Algunas personas han tenido menos problemas para adaptarse y aceptar y mantener las restricciones impuestas. Otras han sido incapaces de hacerlo, hasta tal punto que se han negado a cumplirlas y han continuado actuando como lo hacían antes de la pandemia.

¿Cómo está afectando esto a nuestros adolescentes?

Uno de los grupos sociales a los que más les ha costado adaptarse a la normativa es a la adolescencia y la juventud. En gran medida esto sucede por sus propias características generacionales.

Hablamos de un grupo de edad que se caracteriza, entre otras cosas, por un constante desafío hacia las figuras de autoridad.

Esto es debido a que están en pleno proceso de búsqueda de su propia identidad: necesitan sentirse diferentes, mostrar que no siguen al grupo al tiempo que buscan pertenecer a uno. Buscan sus propias características identificativas que les diferencien de la infancia y de los adultos. En este post, dejamos algunas pistas de lo que pueden estar experimentando nuestros hijas e hijas https://www.quieropsicologia.com/la-cuarentena-como-ha-afectado-a-nuestros-ninos-y-ninas/

Los y las adolescentes, en concreto, pelean, se enfrentan y cuestionan las decisiones que les afectan y que se toman sin contar con ellos, a pesar de que puedan ser beneficiosas o incluso necesarias.

¿Qué puedo hacer?

Imaginemos una familia en la que los padres, pensando en el bienestar de su hijo adolescente, crean unas normas de convivencia, horarios de llegada y tareas por cumplir.
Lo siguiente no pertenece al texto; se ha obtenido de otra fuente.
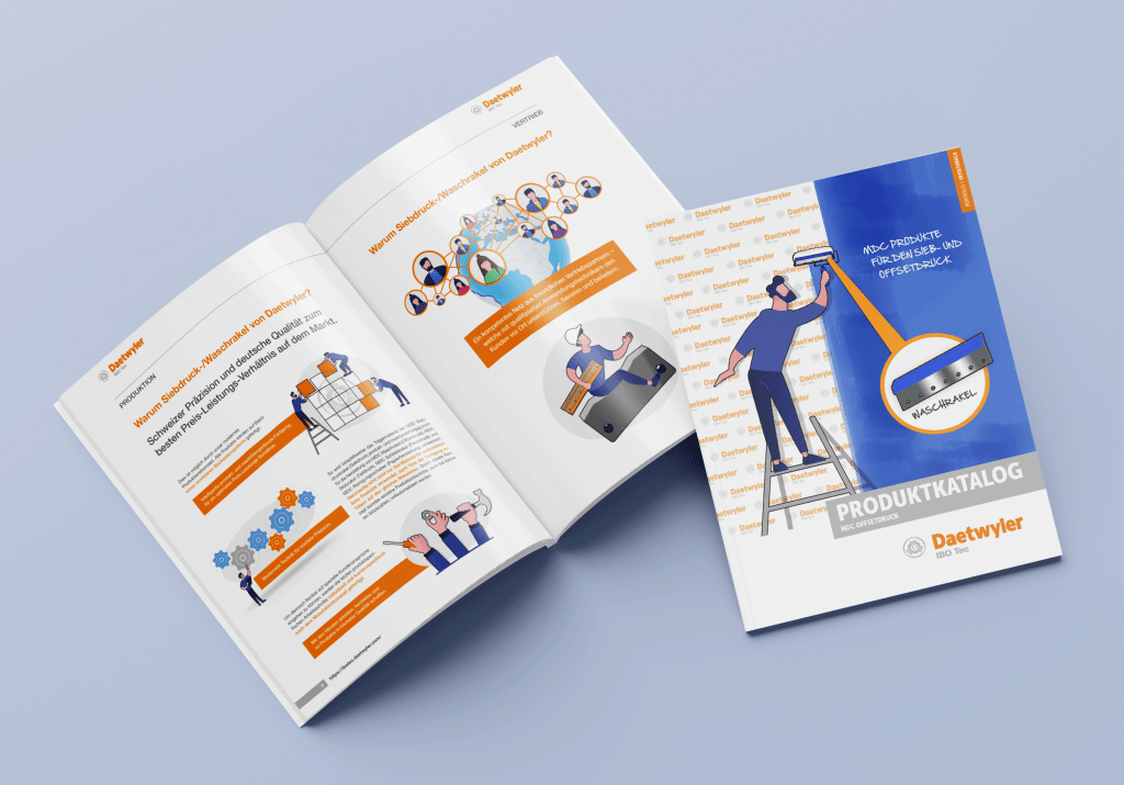 Entwicklung von verschiedenen Produktbroschüren zur Vorstellung des Produkt-Portfolio im Bereich MDC Offsetdruck und MDC Siebdruck sowohl als interaktives Pdf-Bestellformular als auch als hochwertig gedruckte Produktbroschüre.

Es más que probable que el hijo adolescente sienta que estas normas han sido creadas sin tenerle en cuenta y con el objetivo de coartar su libertad y su forma de expresión. Se enfrenta a sus progenitores negándose a cumplirlas y generando estrategias para poder saltárselas o esquivarlas.

Si esta situación la extrapolamos a lo que ocurre en este momento, podemos comprender que los adolescentes sientan que se les está ignorando. Tiene sentido que crean que se les está privando de una necesidad intrínseca a su edad: la socialización con su grupo. Un grupo de iguales con los que sienten identificados, que les comprenden y les apoyan incondicionalmente.

El cambio que podemos introducir es relativamente sencillo: si estas normas se crean a través del consenso y la negociación con el hijo adolescente, la probabilidad de que se cumplan y se respeten es mucho mayor.

Haciendo esto, incluyendo a nuestros hijos e hijas en la toma de decisiones que afecten al núcleo familiar, sentirán que se han tenido en cuenta sus necesidades e intereses y podrán comprender que determinadas limitaciones se han impuesto por el bien de la convivencia y para facilitar la seguridad de todos los miembros de la familia.

¿Cómo puedo hacerlo?

Necesitamos que nuestros jóvenes acepten las normas indicadas por las autoridades sanitarias. Que no expongan su salud y la del resto de la unidad familiar por el hecho de “estar con sus amigos”.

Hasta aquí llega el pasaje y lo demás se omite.